Electric car giant Tesla is set to realize fully autonomous vehicles “later this year,” CEO Elon Musk said Thursday. The billionaire’s latest forecast for the long-anticipated milestone is still a few years away, even though the company already has a semi-autonomous system called Autopilot in its cars.
The system allows drivers to cruise highways and maneuver city streets without having their hands on the steering wheel or watching the road. However, the driver must keep their eyes on the road and be ready to take control if the car starts acting strangely. The company’s Autopilot software is being scrutinized by the US National Highway Traffic Safety Administration, which recently pressured Tesla into recalling 363,000 cars with the feature to correct behavior like accelerating through intersections or running stop signs.
Elon Musk has been making grand promises about bringing full self-driving to Teslas since the company’s inception in 2015. But critics say he needs to be more honest with customers when he says they’re probably only a few years away from having the technology that could drive themselves on local roads without human supervision.
Musk’s remarks came via video link at the opening ceremony of an artificial intelligence conference in Shanghai. He also praised China’s AI prowess.
As for the specifics of when Tesla will have fully autonomous cars, it’s important to remember that three significant hurdles must be cleared before the feature becomes available to customers. Those include engineering, which has to reach a level far over that of human drivers, regulatory approval likely to take time across the 50 states, and a public that may be skeptical of handing over control of their car to a machine.

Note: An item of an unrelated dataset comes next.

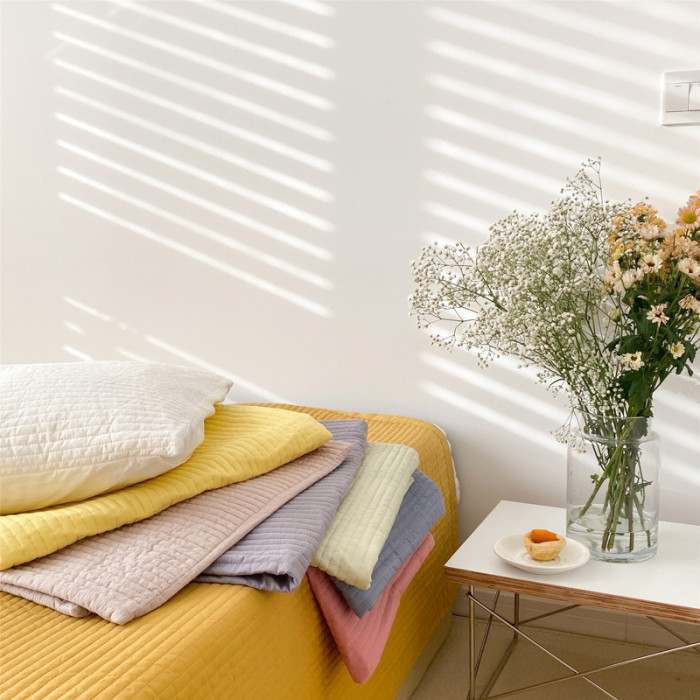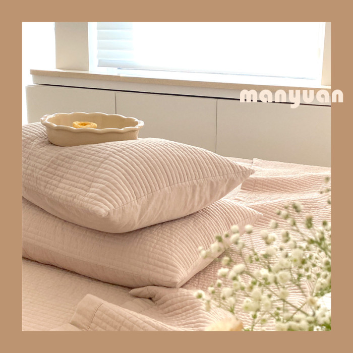 軟糯絎縫枕套全棉韓國夾棉砂洗純棉枕頭套 一對裝不含芯48*74純色

A new version of its Autopilot software will deliver Tesla’s full-autonomous capabilities. The system has been updated to take in more information about the environment around the vehicle, including lane markings and speed limits. It will also be able to steer itself in parking lots and other confined spaces automatically. It can now detect and move out of the way of pedestrians and other moving objects.
In addition to its cameras, the new Autopilot will use a laser rangefinder to help it navigate. It will also have more advanced sensors to understand better other vehicles’ behavior, such as how fast they’re traveling and whether they’re preparing to change lanes.
While the features will be included in every 2023 Model S and Model X, they won’t necessarily be activated by default. Owners must pay an extra $5,000 for the whole self-driving experience. And even then, the feature will only work on local roads first and require the driver to remain attentive. Eventually, it will be able to handle a wider variety of conditions, including freeways. But that will only happen once the company has proven to regulators that it’s safe enough for all users, regardless of their skill level or where they live.